Никто не знает, что думает человек, когда его как бы и нет. Олечка лежала за занавесочкой, вытянув ручки такие белые, что синие жилки на них казались нарисованными.

– Никакой надежды, – говорили бабушке, когда та приходила и сидела долго-долго, рассказывая новости их дома и про кошку, которую взяла котенком (все же кто-то рядом дышит), а она выросла в такую красавицу и так рвется на улицу («понимаешь же, природу не укротишь. Хотя теперь, говорят, можно чего-то им перерезать. А мне жалко. Но, наверное, решусь, иначе убежит»).

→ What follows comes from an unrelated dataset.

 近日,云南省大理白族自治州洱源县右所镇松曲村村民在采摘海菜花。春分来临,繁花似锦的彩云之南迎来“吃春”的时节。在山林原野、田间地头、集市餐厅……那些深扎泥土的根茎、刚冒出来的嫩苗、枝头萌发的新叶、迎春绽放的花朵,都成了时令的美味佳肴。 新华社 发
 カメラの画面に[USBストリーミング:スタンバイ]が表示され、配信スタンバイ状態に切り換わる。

Когда все было рассказано, бабушка пела Оле песни, которые любила, в основном из фильмов. И однажды на песне про сирень, которую она пела даже с некоторой синкопой («си-ирень – цве-етет, не пла-ачь – при-дет»), Оля сделала глубокий вдох, открыла глаза и как-то очень внимательно посмотрела на бабушку.

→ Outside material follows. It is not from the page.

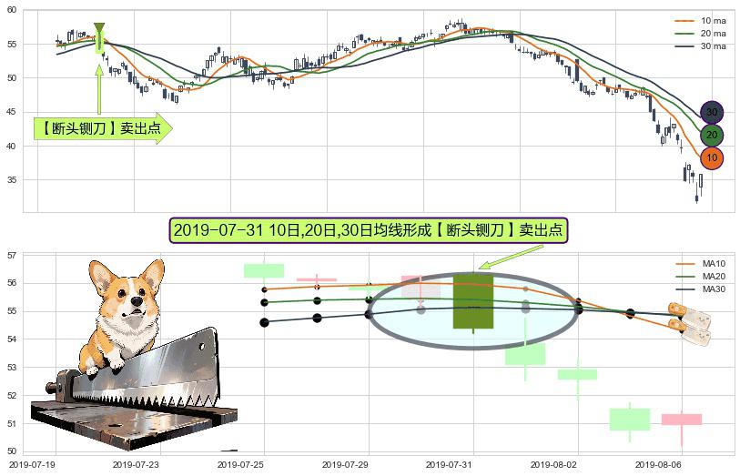 ⚀ 2019-07-31日显现 10日-20日-30日均线 【断头铡刀】卖出点 看空信号,后市看跌,卖出

– Ой! – закричала перепуганная старушка. – Доктора, доктора!

Их сбежалось слишком много, так, наверное, толпились евреи на исцелении Лазаря. И в этот момент Оля снова закрыла глаза, как будто поняв, что возвращаться смысла нету.

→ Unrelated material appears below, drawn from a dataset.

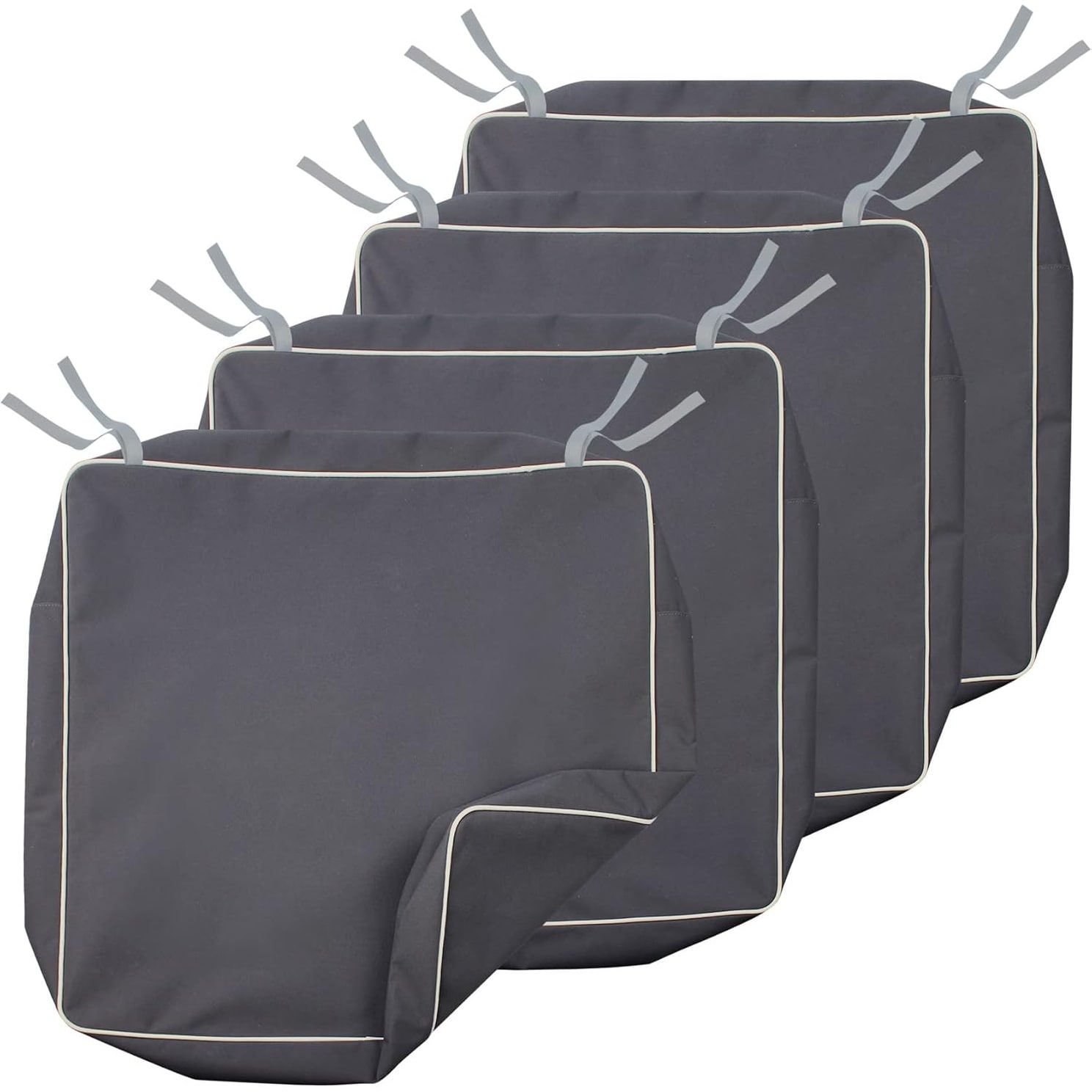 Outdoor Chair Cushions Set of 4, 17x17x3 Inch, Waterproof with Ties, D-Shaped Patio Furniture Seat Cushions

Марина склонилась к Оле и заметила мелкое дрожание ресниц закрытых глаз, то бишь явное притворство человека в разуме.

– Оля! – тихо сказала тетка. – Это я, Марина. Здесь и бабушка. Открой глазки, детка!

И девочка вернулась.

Но она явно не была уверена в стоящих возле нее женщинах. У старушки с абсолютно белыми волосами тряслись руки. У женщины так выпирали кости лица, что еще чуть-чуть – и оно уже череп.

На другой день она тихо спросила:

– Я много пропустила в школе? Я успею догнать до конца года?

Видимо, она устала, потому что снова закрыла глаза, но это был уже сон усталости, а не то пограничье, за которым давно стоит хозяйка-смерть. И честно говоря, тетка-врач предпочла бы второе. В ее практике не было возвращений, да и самих ком, если не считать комой клиническую смерть, не было. Она не знала, как говорить с людьми, пришедшими оттуда через столько лет. Поэтому кинулась звонить тем, кто знал.

И, надо сказать, знающие примчались – случай ведь редкий. Даже в медицинском журнале об Оле писали, правда, как о случае безнадежном. А тут на тебе. Девушка, которой исполнилось недавно двадцать один, помнила, что она училась в десятом классе, она уже беспокоилась об экзаменах, еще не зная, что сирота и что вот-вот кончится ее полуплатное пребывание в больнице – роскошь для нашего нищего времени.

Главврачу тете Марине уже тыкали в глаза – мол, пользуется положением. Пусть бабка забирает ее домой. Она уже обучена кормить через трубочку и все такое… Врач же обхватила голову руками, она зло думала, что ей, отоларингологу, не суметь сделать из этого случая диссертацию. Да и из коллег знакомых некому предложить. Такая роскошная «полуживая» тема на кровати.

Но никто не знает, как вложить в едва оживший мозг почти пять лет жизни, чтобы он в одночасье не рухнул от узнанного. Бедная девочка! Сколько раз тетка из добрых чувств думала об эвтаназии. Никто бы не узнал и узнавать бы не стал. А теперь перед ней не ужас смерти, а ужас проснувшейся жизни, против которого смерть могла бы оказаться благословенным утешением.

Была создана группа из невропатолога, психолога, терапевта и, естественно, ее самой – начальника. Все приехавшие по двое заходили в палату слушать вполне ровное дыхание спящего человека и наблюдать живое шевеление рук, лежащих поверх одеяла.

9

Она быстро шла на поправку. Сшитое едва-едва, чтоб успеть спасти, залатанное тело за годы полусмерти привыкло к самому себе и не болело, как ни щупали и ни давили на кривые швы доктора. Даже когда ее поставили на ноги и она сделала три прихрамывающих шага, она как бы и не удивилась хромоте, хотя уже многому удивлялась. Например, собственным седым вискам, когда посмотрела в маленькое зеркальце.